Home News Stock Futures Fall as China’s Rate Cuts Fail to Ease Concerns

Stock Futures Fall as China’s Rate Cuts Fail to Ease Concerns


U.S. stock futures experienced a decline early on Tuesday, as the recent interest rate cuts by the People’s Bank of China did not alleviate worries about the weakening activity in the world’s second-largest economy.

How are stock-index futures trading?

  • S&P 500 futures (ES00, -0.41%) dipped 18 points, or 0.4%, to 4488.
  • Dow Jones Industrial Average futures (YM00, -0.48%) fell 155 points, or 0.4%, to 35216.
  • Nasdaq 100 futures (NQ00, -0.33%) eased 51 points, or 0.3%, to 15219.

On Monday, the Dow Jones Industrial Average (DJIA) rose 26 points, or 0.07%, reaching 35308. The S&P 500 (SPX) increased by 26 points, or 0.58%, to 4490, while the Nasdaq Composite (COMP) gained 143 points, or 1.05%, reaching 13788.

Concerns over a faltering Chinese economy

Worries about a faltering Chinese economy once again affected global risk appetite and had an impact on U.S. stock futures during early trading.

On Tuesday, data was released indicating that retail sales and industrial production in China grew less than expected in July. This news, coupled with disappointing recent data and signs of distress in the property sector, led to a series of interest rate cuts by the central bank in Beijing.

However, instead of alleviating concerns, these unexpected monetary policy easing measures and the announcement that youth unemployment data would no longer be published only seemed to further spook the markets. As a result, S&P 500 futures lost ground in line with Asian and European markets, while prices for China-sensitive industrial commodities like oil, copper, and iron ore fell back.

China’s Central Bank Cuts Rates, Yet Government Spending Remains Vital

China’s central bank has taken the financial world by surprise with its recent rate cut. However, experts believe that this move alone will not have a significant and lasting impact unless accompanied by government spending. The effects of monetary policy are expected to be neutral or possibly even unfavorable, as policymakers seem to be hitting the panic button amidst a local confidence crisis.

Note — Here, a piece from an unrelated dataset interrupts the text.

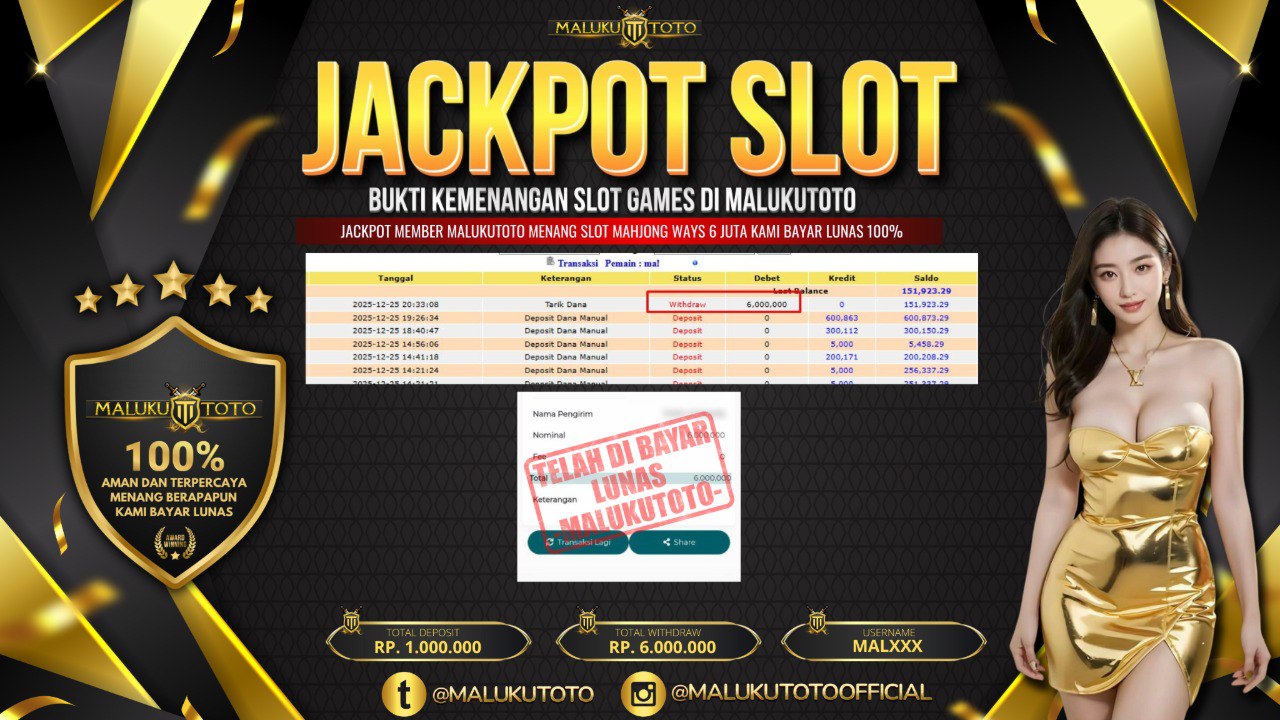 Bandar togel MALUKUTOTO merupakan bandar togel dan slot online yang membayar semua kemenangan member hingga lunas. Setiap pembayaran pada situs kami dilakukan dengan cara transfer ke rekening tujuan yang sudah di daftarkan pada situs togel online kami, Pembayaran hanya dapat di proses jika rekening yang di daftarkan telah valid dan dapat di transfer. Semua kemenangan member yang mendapatkan hadiah jackpot terbesar akan kami posting agar semua pemain dapat melihat bandar situs terpercaya MALUKUTOTO ini membayar semua kemenangan member hingga lunas. Setiap postingan yang kami posting akan kami lakukan sensor pada nomor rekening 4 digit dan nama rekening untuk menjaga privasi dan kerahasiaan member. Postingan Jackpot yang kami posting agar member atau pemain yang belum pernah bermain bisa melihat bandar togel Bukan Kaleng Kaleng Seperti MALUKUTOTO ini, Semua postingan jackpot yang kami posting dapat di lihat data keasliannya melalui nomor reff yang di tunjukan pada bank atau mbanking saat kita melakukan transfer.

Attention Turns to U.S. Household Sector as Wall Street Opens

As the Wall Street opening bell draws near, investors are now focusing their attention on the health of the U.S. household sector. Consumption plays a crucial role in the American economy, accounting for over two-thirds of its economic activity. This sector has shown resilience despite the sharp increase in borrowing costs imposed by the Federal Reserve over the past 16 months.

Key Earnings Results and Retail Sales Figures Awaited

Investors will be closely scrutinizing the earnings results from Home Depot before the regular trading session begins. Additionally, they will eagerly await the release of U.S. retail sales figures for July. These indicators will provide insights into whether consumers are starting to tighten their belts in response to prevailing economic conditions.

Other Economic Updates on the Horizon

Several other economic updates are scheduled for release today. The August Empire State manufacturing survey and the June business inventories numbers will be unveiled at 8:30 a.m. Eastern Time. At 10 a.m., traders will gain access to the August NAHB builders’ confidence index.

Equities Face Additional Pressure from Government Bond Yields

Equities took a hit as benchmark government bond yields continued their ascent. Despite the slump in China’s economic data, the 10-year Treasury yield rose to over 4.2%, nearing 15-year highs by a few basis points.

U.S. Treasury Yields: A Key Catalyst for Stock Indices

According to Mark Newton, the head of technical strategy at Fundstrat, U.S. Treasury yields continue to hold significant importance as a potential catalyst for stock indices. Newton believes that in the upcoming months, yields will experience a decline. However, before this decline, they might witness a further surge. In the scenario where yields rise rapidly, Newton asserts that this sudden ascent could potentially alarm stock indices.